--- RECORDED DATA Enclosed Below ---
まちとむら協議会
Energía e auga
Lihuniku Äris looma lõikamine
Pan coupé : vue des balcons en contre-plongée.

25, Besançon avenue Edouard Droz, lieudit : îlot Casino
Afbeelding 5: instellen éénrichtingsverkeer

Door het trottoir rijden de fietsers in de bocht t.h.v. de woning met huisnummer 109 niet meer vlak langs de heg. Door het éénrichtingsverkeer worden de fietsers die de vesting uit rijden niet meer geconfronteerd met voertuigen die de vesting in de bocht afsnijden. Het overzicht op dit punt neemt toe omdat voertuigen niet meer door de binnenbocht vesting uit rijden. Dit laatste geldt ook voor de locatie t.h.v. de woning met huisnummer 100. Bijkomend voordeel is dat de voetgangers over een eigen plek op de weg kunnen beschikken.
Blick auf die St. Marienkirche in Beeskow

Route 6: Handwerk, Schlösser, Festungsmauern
--- End of Enclosed RECORDED DATA ---
--- RECORDED DATA Enclosed Below ---
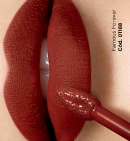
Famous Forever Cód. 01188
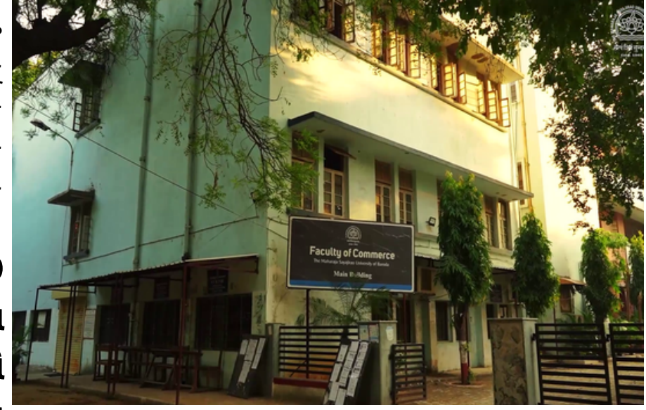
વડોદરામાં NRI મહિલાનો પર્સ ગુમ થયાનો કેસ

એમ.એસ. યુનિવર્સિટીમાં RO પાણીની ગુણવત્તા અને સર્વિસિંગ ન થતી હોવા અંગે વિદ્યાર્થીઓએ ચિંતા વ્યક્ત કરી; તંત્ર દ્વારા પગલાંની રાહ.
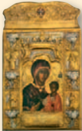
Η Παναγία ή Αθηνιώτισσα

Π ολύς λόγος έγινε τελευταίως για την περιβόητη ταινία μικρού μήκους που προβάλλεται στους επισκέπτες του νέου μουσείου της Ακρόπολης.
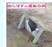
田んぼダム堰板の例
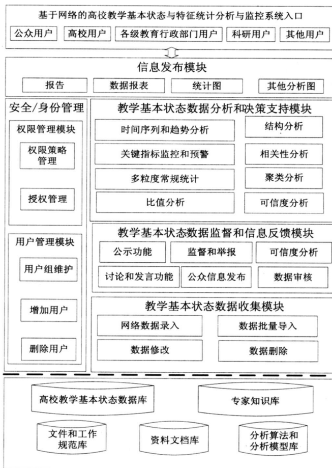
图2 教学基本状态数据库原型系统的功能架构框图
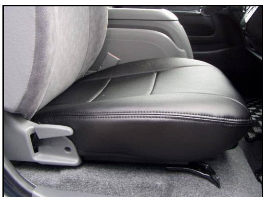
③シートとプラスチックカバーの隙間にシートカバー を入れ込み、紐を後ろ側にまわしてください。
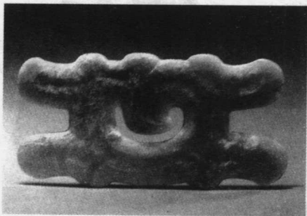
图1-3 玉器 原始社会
--- End of Enclosed RECORDED DATA ---
Return all lines of the data in which the string "éénrichtingsverkeer" appears.

Afbeelding 5: instellen éénrichtingsverkeer
Door het trottoir rijden de fietsers in de bocht t.h.v. de woning met huisnummer 109 niet meer vlak langs de heg. Door het éénrichtingsverkeer worden de fietsers die de vesting uit rijden niet meer geconfronteerd met voertuigen die de vesting in de bocht afsnijden. Het overzicht op dit punt neemt toe omdat voertuigen niet meer door de binnenbocht vesting uit rijden. Dit laatste geldt ook voor de locatie t.h.v. de woning met huisnummer 100. Bijkomend voordeel is dat de voetgangers over een eigen plek op de weg kunnen beschikken.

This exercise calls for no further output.